Too bad we won't be able to see that because I doubt Gina will working Randy's corner for that fight.


----------



## DA_sasori (Nov 13, 2008)

If randy is bangin gina. Then hopefully cyborg is available for me. OH YEAAH


----------



## Servatose (Apr 21, 2008)

Well, at the very least she didn't seem to react in the least to have her ass hit, which must mean she's probably comfortable being touched in such a way by him. I'm not sure if it necessarily means they're fking, she could try pretty hard to be "one of the guys" in training and Randy could either be reinforcing it with such things, or just enjoying his ability to be able to do so. But, something tells me that him hitting her in that gif doesn't really make a statement about anything. It just doesn't seem to add up, for him to be like "Hey, I'm going to slap her ass here because we've fucked." Pretty sure it was a "go get'em" slap.


----------



## TheGreg (Apr 29, 2007)

Servatose said:


> Well, at the very least she didn't seem to react in the least to have her ass hit, which must mean she's probably comfortable being touched in such a way by him. I'm not sure if it necessarily means they're fking, she could try pretty hard to be "one of the guys" in training and Randy could either be reinforcing it with such things, or just enjoying his ability to be able to do so. But, something tells me that him hitting her in that gif doesn't really make a statement about anything. It just doesn't seem to add up, for him to be like "Hey, I'm going to slap her ass here because we've fucked." Pretty sure it was a "go get'em" slap.


way to shit in the middle of everyones parade ahahahahaha


----------



## aerius (Nov 19, 2006)

No Randy, don't do it! You'll break the sacred "half your age plus seven" rule, and bad things happen every time someone breaks that rule.
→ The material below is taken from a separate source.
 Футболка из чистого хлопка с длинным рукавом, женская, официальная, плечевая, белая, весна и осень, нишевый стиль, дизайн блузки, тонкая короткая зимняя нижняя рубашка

There's a reason it's a sacred rule.


----------



## The Dark Knight (Jun 29, 2008)

Lucky, lucky man if it is true. Man is the Mack. I'm quite jealous ):


----------



## Braveheart (Oct 11, 2006)

The butt slap proves nothing, its a common thing in all professional sports. Following your logic all these guys are screwing each other than?
http://www.youtube.com/watch?v=BZVAVHKHE2k


----------



## Couchwarrior (Jul 13, 2007)

DA_sasori said:


> If randy is bangin gina. Then hopefully cyborg is available for me. OH YEAAH


Did you really think an attractive feminine woman like her would be single?
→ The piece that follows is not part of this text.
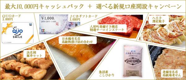 キャンペーン終了後、お客様のご登録金融機関の口座にキャッシュバックいたします。選べる景品は2012年11月中旬ごろ、郵送にて進呈いたします。
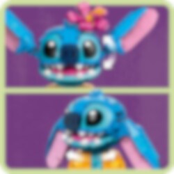 Maak vrienden met de coolste alien ooit: Stitch! Vier ohana met deze LEGO® ǀ Disney set door de schattige Stitch, gekleed in zijn leuke Hawaïaanse shirt, in elkaar te zetten en hem vervolgens mee te nemen voor een ijsje. Daarna kun je Stitch rechtop zetten, met zijn oren omhoog of omlaag, zijn hoofd naar voren of opzij en met of zonder het ijshoorntje en zijn favoriete bloem. Aloha!

Maybe if you beat up her husband you'll have a shot at her.:wink01:


----------



## N1™ (Apr 8, 2007)

Randy !! Randy !!! Randy !!!


----------



## Nefilim777 (Jun 24, 2009)

Too much sex before fighting so, hence why Cyborg demolished her...


----------



## Halebop (Oct 10, 2006)

AHHHHH....OK OK, Randy and Kim are or already have divorced. That makes alot more sense. My friends and I all agreed there are some female fighters married Randy could possibly tag with an "atta girl" and get away with it. Not Carano. No no no, that's a "you can have half my stuff current wife" slap. 

Everything makes sense now. Randy prolly told Gina that if it looked like a win would come at the cost of 25 minutes without sex it would be better just to take a loss in the first round and get back to the showers. That would be my advice as coach. 

Everyone see Strikeforce trying to get a Carano interview after the fight? Pffffft yeah it had been at least 20 mins with no f*cking at that point...the f*cking Pope couldn't have gotten an interview with those two then.


----------



## swpthleg (Dec 31, 2006)

Halebop said:


> AHHHHH....OK OK, Randy and Kim are or already have divorced. That makes alot more sense. My friends and I all agreed there are some female fighters married Randy could possibly tag with an "atta girl" and get away with it. Not Carano. No no no, that's a "you can have half my stuff current wife" slap.
> 
> Everything makes sense now. Randy prolly told Gina that if it looked like a win would come at the cost of 25 minutes without sex it would be better just to take a loss in the first round and get back to the showers. That would be my advice as coach.
> 
> Everyone see Strikeforce trying to get a Carano interview after the fight? Pffffft yeah it had been at least 20 mins with no f*cking at that point...the f*cking Pope couldn't have gotten an interview with those two then.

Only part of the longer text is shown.